Historie tych ludzi układają się w wielki fresk historyczny, który choć nam kulturowo i historycznie nieznany (historia Meksyku, a szczególnie masońskich prześladowań katolików w tym kraju jest u nas praktycznie nieznana), pozostaje wielkim wezwaniem także dla nas. My, nie stoimy wprawdzie wobec zakazu praktykowania naszej wiary, nam nikt nie zakazuje sprawowania Mszy świętej, ale także wobec nas zaczyna się powoli stosować pewne szykany, także my – z obawy przed reakcję - zaczynamy sami siebie zamykać w katolickim getcie, nie przyznając się do wiary, z lękiem wycofując się ze świadectwa o Prawdzie Ewangelii czy godząc się na powolne eliminowanie chrześcijańskiego przekazu z przestrzeni publicznej.

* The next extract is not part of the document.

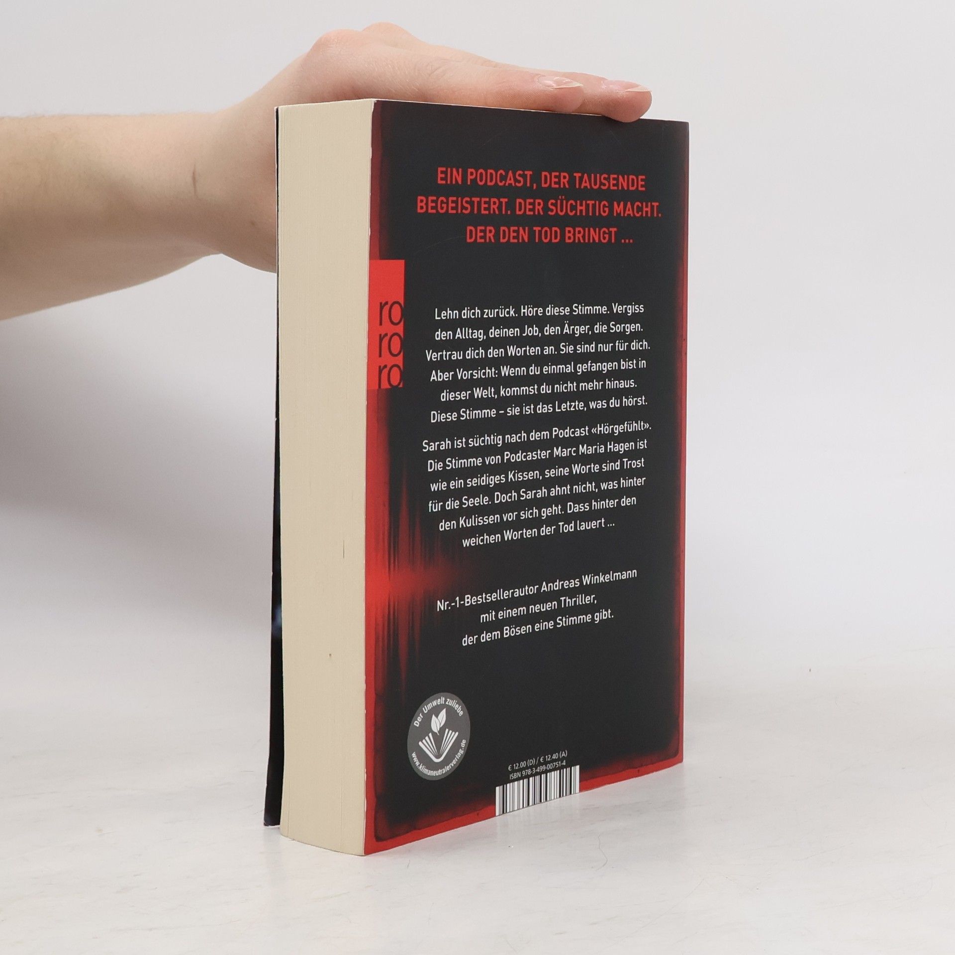 Ein Podcast, der Tausende begeistert. Der süchtig macht. Der den Tod bringt … Lehn dich zurück. Höre diese Stimme. Vergiss deinen Alltag, den Job, den Ärger, die Sorgen. Vertrau dich den Worten an. Sie sind nur für dich. Aber Vorsicht: Wenn du einmal gefangen bist in dieser Welt, kommst du nicht mehr hinaus. Diese Stimme – sie ist das Letzte, was du hörst. Sarah ist süchtig nach dem Podcast «Hörgefühlt». Die Stimme von Podcaster Marc Maria Hagen ist wie ein seidiges Kissen, seine Worte sind Trost für die Seele. Doch Sarah ahnt nicht, was hinter den Kulissen vor sich geht. Dass hinter den weichen Worten der Tod lauert. Nr.-1-Bestsellerautor Andreas Winkelmann mit einem neuen Thriller, der dem Bösen eine Stimme gibt.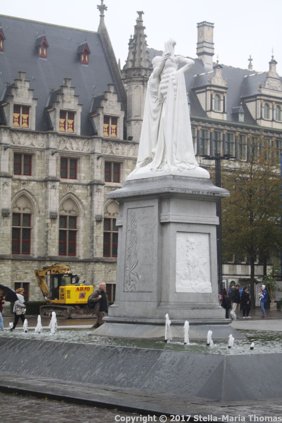 From there we dropped into one of the supermarkets, Delhaize being the one I will always go to. We usually do this because you can buy things like white port at very sensible prices. We had room for a half dozen or so bottles and so we stocked up without delay, filled the fuel tank at the first possible opportunity and then headed out onto the motorways. My intention was to get the other side of Brussels and then, if we had time, take a lunch stop somewhere, maybe with some sightseeing thrown in. Getting past Brussels can be something of a nightmare, but for once it wasn’t too hard. The trouble in fact started when we hit the other side, the rain started to fall heavily, and the road seemed to fill with complete idiots. Eventually, realising we had plenty of time in hand, we pulled off the motorway to get away from the homicidal Belgian drivers, and made for the centre of Ghent. We clearly weren’t going to be able to do justice to the place, but we did walk down towards the centre, enjoying the historic buildings and the odd goings on.

Jose Luis Sanchez del Rio, Enrique Gorostieta Velarde, Ancleto Gonzales Flores postawieni nam przed oczy uświadamiają, że taka postawa niegodna jest chrześcijanina i wzywają do stawiania oporu, walki o obronę praw ludzi religijnych, o prawo do głoszenia chrześcijaństwa i prawdy o moralność w naszym świecie. Jeśli oni oddawali za to życie, pewni, że nawet jeśli oni zginął, to Bóg i tak będzie żył i zwyciężał, to my także powinniśmy mieć siłę, by jasno głosić nasze poglądy, by angażować się w ich obronę. I to niezależnie od tego, czy jesteśmy bardzo czy nieco mniej wierzący. Od tego, czy będziemy w stanie zawalczyć o nasze wartości zależy bowiem przyszłość nas i naszych dzieci. „Wolność to nasz dom, nasze żony i dzieci. Wolność to nasze życie i Wiara... Jej obrona to nie tylko nasz obowiązek, ale nasze prawo” - mówił generał Gorostieta, zanim żołnierze wyruszyli do boju. A w tych słowach może się odnaleźć każdy z nas. Walka o wolność głoszenia Ewangelii, o prawdę o moralności, prawo do wychowania naszych dzieci w zgodzie z tym, w co my wierzymy, a nie w co wierzą liberalne „elity”, wpisuje się w te słowa. Nie ma wolność bez wolności religijnej, nie ma wolności bez prawa do życia w sposób, jaki dyktuje nam nasza wiara.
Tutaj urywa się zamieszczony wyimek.